Obama’s Budget Could Triple Tax Rates

In his deficit reduction “vision” speech on Wednesday, President Obama tried to distinguish his plan from that of House Budget Committee Chairman Paul Ryan by using a rather crude analogy. The president said, “We have to use a scalpel and not a machete to reduce the deficit.”

But when it comes to tax hikes — to extend the analogy — the Obama administration’s 2012 budget is charging at business partnerships of all sizes with what could be described as a Texas-size guillotine.

The blunt instrument in Obama’s proposed fiscal year budget unveiled last February — a budget that he referenced on Wednesday as the blueprint for his deficit plan — is a proposal to tax much of the capital gains of a partnership as ordinary income as well as subject them to hefty payroll taxes for Medicare and Social Security. This would go far beyond letting the Bush tax rates expire and going back to the rates under Clinton.

This hike would more than triple taxes in many cases from the current top capital gains rate of 15 percent to the top personal income tax rate of 35 percent. Or actually 39.6 percent, since Obama would let the Bush tax rates expire too.

The contrast in Obama’s approaches to spending and taxes could not be clearer. Obama insisted Wednesday that he would not pursue spending cuts that “sacrifice the core investments we need to grow and create jobs.” Whether the spending he wants to preserve actually does “grow or create jobs” — and most of it does not — is one thing.

But Obama shows no such care or precision when it comes to making sure his tax policies do not “sacrifice the core investments” of the private sector. The carried interest tax is a direct attack on the structure of partnerships that are used by innovative businesses — from small firms to venture capital and “angel investor” groups — that take risks and make an outsized contribution to economic growth and job creation.

Proponents of the “carried interest” want you to believe that this will only hit big hedge funds. Not that there is anything wrong with hedge funds per se, even though George Soros runs one. As I have written, they are one of the best forces to hold public company CEOs accountable to all shareholders.

But the tax, as put forward in the Obama budget and by legislation last year from the Democrat-controlled Congress, would actually have a much broader reach to virtually all partnerships.

There is no asset or income threshold, so firms from venture capital houses to doctors’ offices to family farms, all of which are often structured as partnerships, could be negatively affected. According to a new study by the accounting firm Ernst & Young, “flow-through businesses” such as partnerships and limited liability companies “employ more than one-half of the private sector workforce in every state except for Delaware and Hawaii.”

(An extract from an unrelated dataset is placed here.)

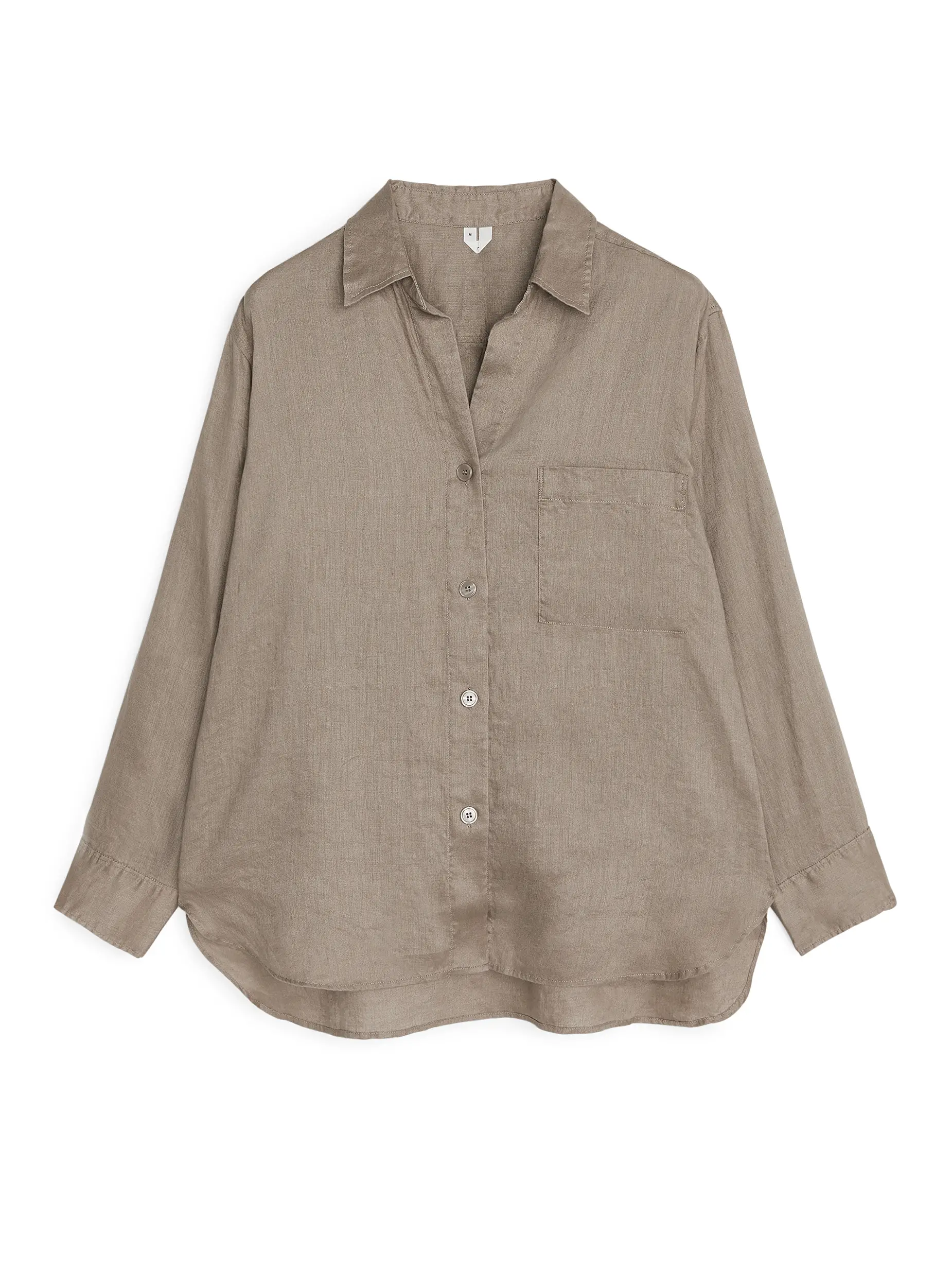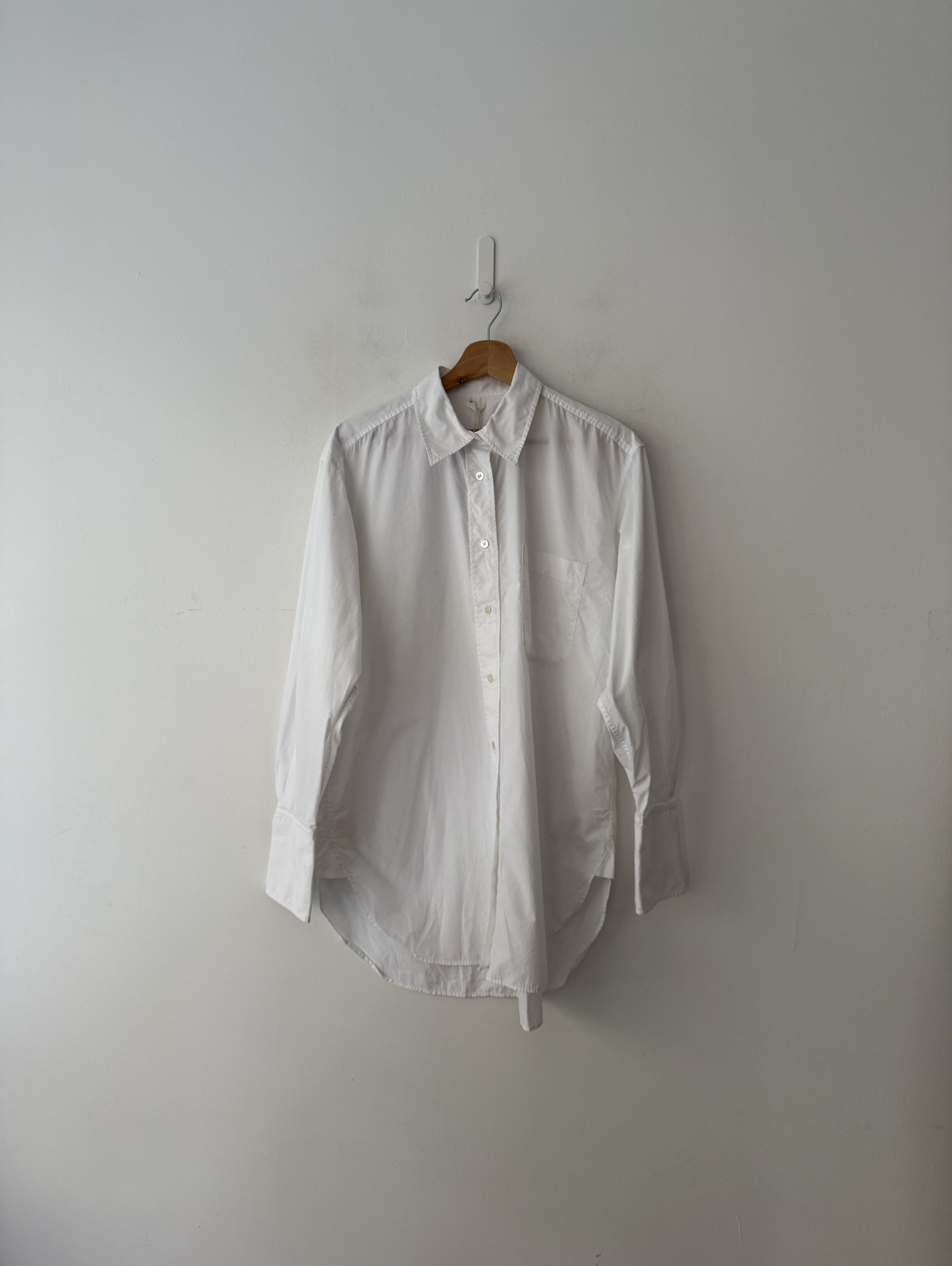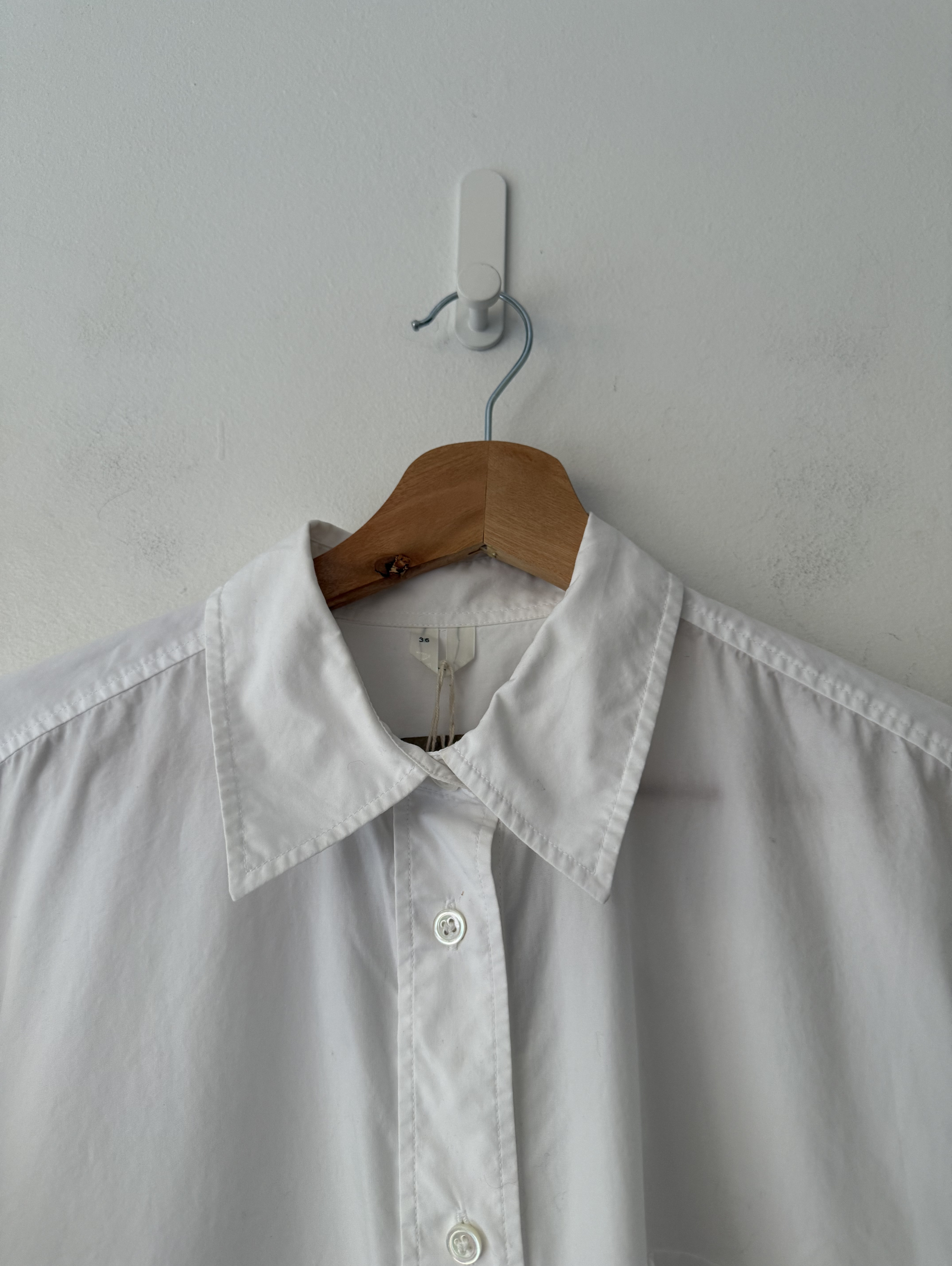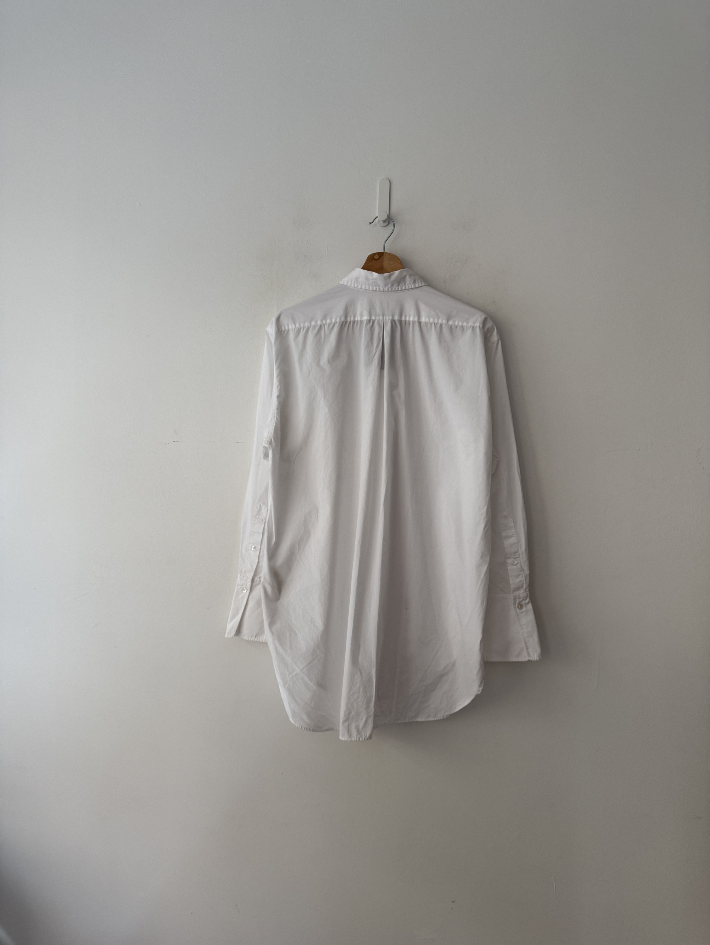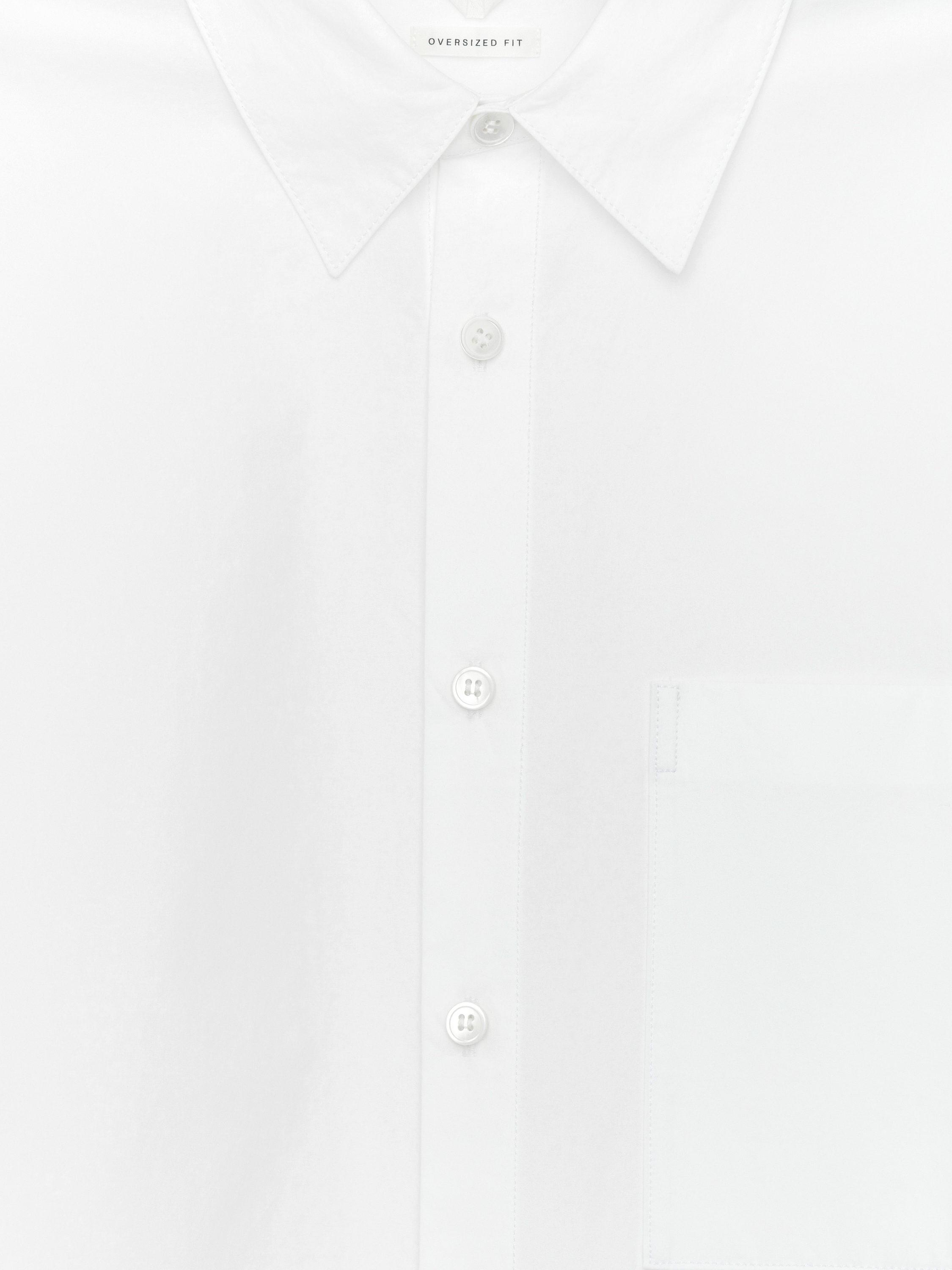 Long-sleeve shirt crafted from cotton poplin. Cut for an oversized fit with a pointy collar, front buttoning, chest pocket and buttoned cuffs. Curved hemline.

And a report by the accounting firm KPMG on the Democrats’ “American Jobs and Closing Tax Loopholes Act of 2010,” which passed the House last year and came three votes short of the 60 needed to clear the Senate, found that the bill “could apply to partnerships in virtually any kind of business and could fundamentally change how partnerships are taxed.”

In a partnership — from hedge funds to venture capital to small business — the partners are taxed on a business’s earnings at individual tax rates, instead of the business itself being taxed at corporate rates and then doubly taxed on any dividends it pays out. In many partnerships, some partners get bigger stakes in the company because of the services they perform, in addition to the capital they have contributed. This is called the “carried interest.”

The individual with the “carried interest” is taxed at the rates of ordinary income for his or her everyday salary and for much of the business’s activities. But these partners pay the individual capital gains rate when the other partners receive capital gains for sales of such assets as stock and real estate. The president’s budget would drastically change this, taxing these gains as ordinary income and subjecting them to payroll taxes. This would more than triple the rate of taxation in many cases.

Even if there were an asset threshold for partnerships, this tax hike should still be rejected because of its devastating effects on the job creators. Although their investment strategies differ, large venture capital partnerships are organizationally structured in the same manner as hedge funds.

According to the National Venture Capital Association, “By more than doubling the taxes paid by venture capitalists on carried interest, Congress would be upending the risk/reward balance and creating serious economic consequences for very little revenue.”

Ironically, by stifling venture capital and innovative partnerships, Obama’s carried interest tax hike would also be cutting the lifeline of some of the very types of businesses he champions, such as “green energy.” Folks peddling windmills and biofuels are getting tons of funding from venture capital and angel investors, as well as arguably more deserving entrepreneurs.

In short, Obama’s tax hikes on innovation and entrepreneurship are a recipe for, to borrow his phrasing, losing the future.